Commit 21ba002
feat(robomme): subgoal, episode video, H100 lavapipe fallback (#83)
* feat(robomme): expose per-step subgoal text from env info dict
Adds opt-in `send_subgoal` (default False) and `subgoal_mode` ("grounded"
or "simple", default "grounded") so models that condition on subgoal text
during training can receive it at eval. Pulled directly from
`info['grounded_subgoal_online']` / `info['simple_subgoal_online']`,
which `DemonstrationWrapper` always populates upstream.

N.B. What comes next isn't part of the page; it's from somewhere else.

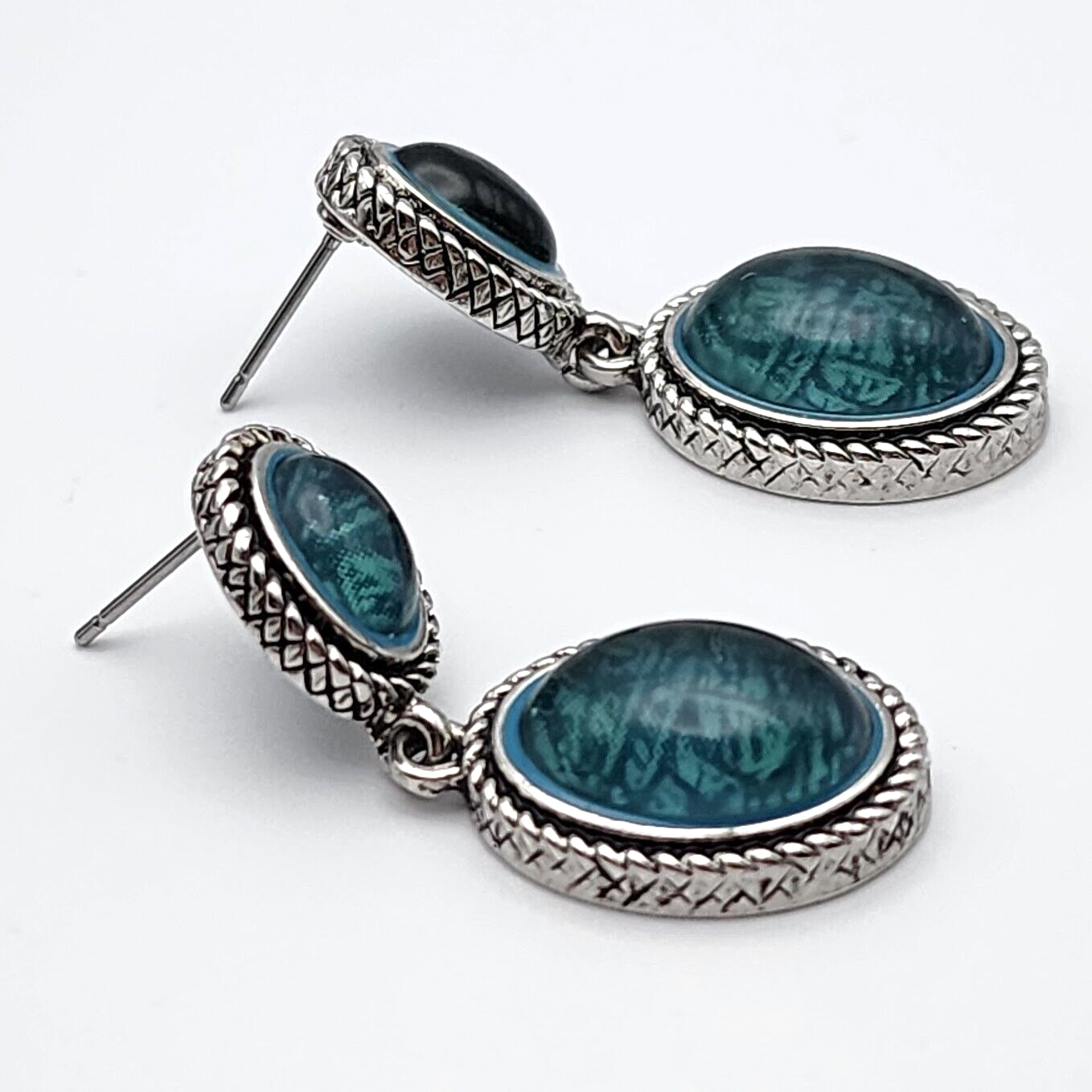 Blue Green Cabochon Silver Drop Dangle Butterfly Wing Earrings

Grounded falls
back to simple when the placeholder isn't filled yet.
Co-Authored-By: Claude Opus 4.7 (1M context) <noreply@anthropic.com>
* fix(robomme): switch SAPIEN to lavapipe Vulkan to avoid H100 hang
`mani_skill ... _setup_scene()` calls `sapien.render.RenderSystem("cuda:0")`,
which hangs on H100/A100 hosts running this build of mani_skill+sapien
against the NVIDIA Vulkan driver — observed as 100% GPU util with no
progress past env init. Direct probe inside the docker image confirmed
the hang is at scene init, before any benchmark code runs.
Restore the workaround used in the prior harness: when a lavapipe ICD
is present in the container (`/opt/lavapipe/...` or
`/usr/share/vulkan/icd.d/lvp_icd.x86_64.json`, which mesa-vulkan-drivers
provides), switch `VK_ICD_FILENAMES` to it, drop the `device` arg from
`RenderSystem`, and force mani_skill's render backend to `sapien_cpu`.
On hosts without lavapipe the function is a no-op.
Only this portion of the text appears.